I’ve been a keen cyclist for some time now and was thrilled to be given an opportunity to review this product. I’m a beginner Triathlete and reviewing the Polar RS400sd has helped me on my journey to the start line. Soon I’ll be adding a 750m swim and a 5 k run to either end of my usual cycle, in essence i will become a Triathlete!

Running has always been my Achilles heel and i was hoping that the RS400sd was going to be the piece of kit to help me achieve my running goals!

When opening the Box I was delighted to see that there were three main components to this HR Monitor. The Polar RS400sd training computer which is worn on the Wrist. The Polar WearLink®+ transmitter which is worn on the chest and finally the Polar S1 foot pod which is, drum roll…worn on the foot!

I heard that they do sell the Polar RS400sd without the foot pod so I was really pleased to discover it was included with the version i was given. I first slipped the HRM onto my wrist and then fitted the chest strap and Footpod consecutively.
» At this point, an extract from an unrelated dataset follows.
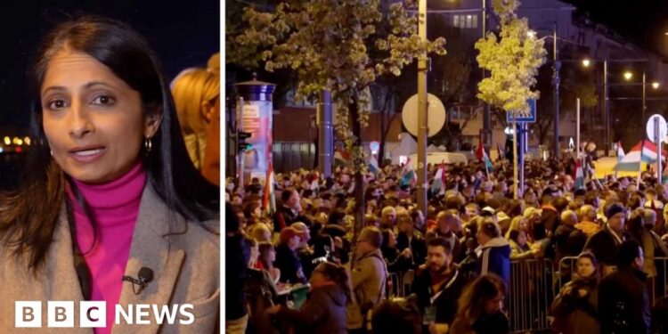 The BBC’s Rajini Vaidyanathan broadcasts from outside Hungary’s parliament as crowds hear about the prime minister’s concession.

The HRM itself is almost ‘stealth like’ in design and futuristic in its looks. In fact it’s so comfortable that i’d consider wearing it on a daily basis. Unfortunately the user interface (UI) seemed to be a little dated in comparison. I’m no technology expert, but surely for this price there must be a better UI? Why do I feel like I’m navigating through my grannies’ old Nokia phone?

Having said that; the features on the Polar RS400sd are quite extraordinary. Before my run I had to synchronise/calibrate the HR Monitor with the foot pod, which was done by pressing down and holding the red button on the footpod. That was it and I was ready to go!

On route, the HR Monitor provided me with an accurate Heart rate reading together with calorie expenditure, speed and distance readings throughout!

 

What really impressed me was the Polar SportsZone function which allowed me to personalize my own my five training zones. This was great as it gave me a very helpful guide on the intensity of my run. Like most people, I was wondering (perhaps even slightly apprehensive) about how this FootPod would actually “stay on my foot”, without me launching it into a nice hedgerow half way through my run? Would it be a nuisance? Awkward even? Surely nothing could be more awkward then my running technique!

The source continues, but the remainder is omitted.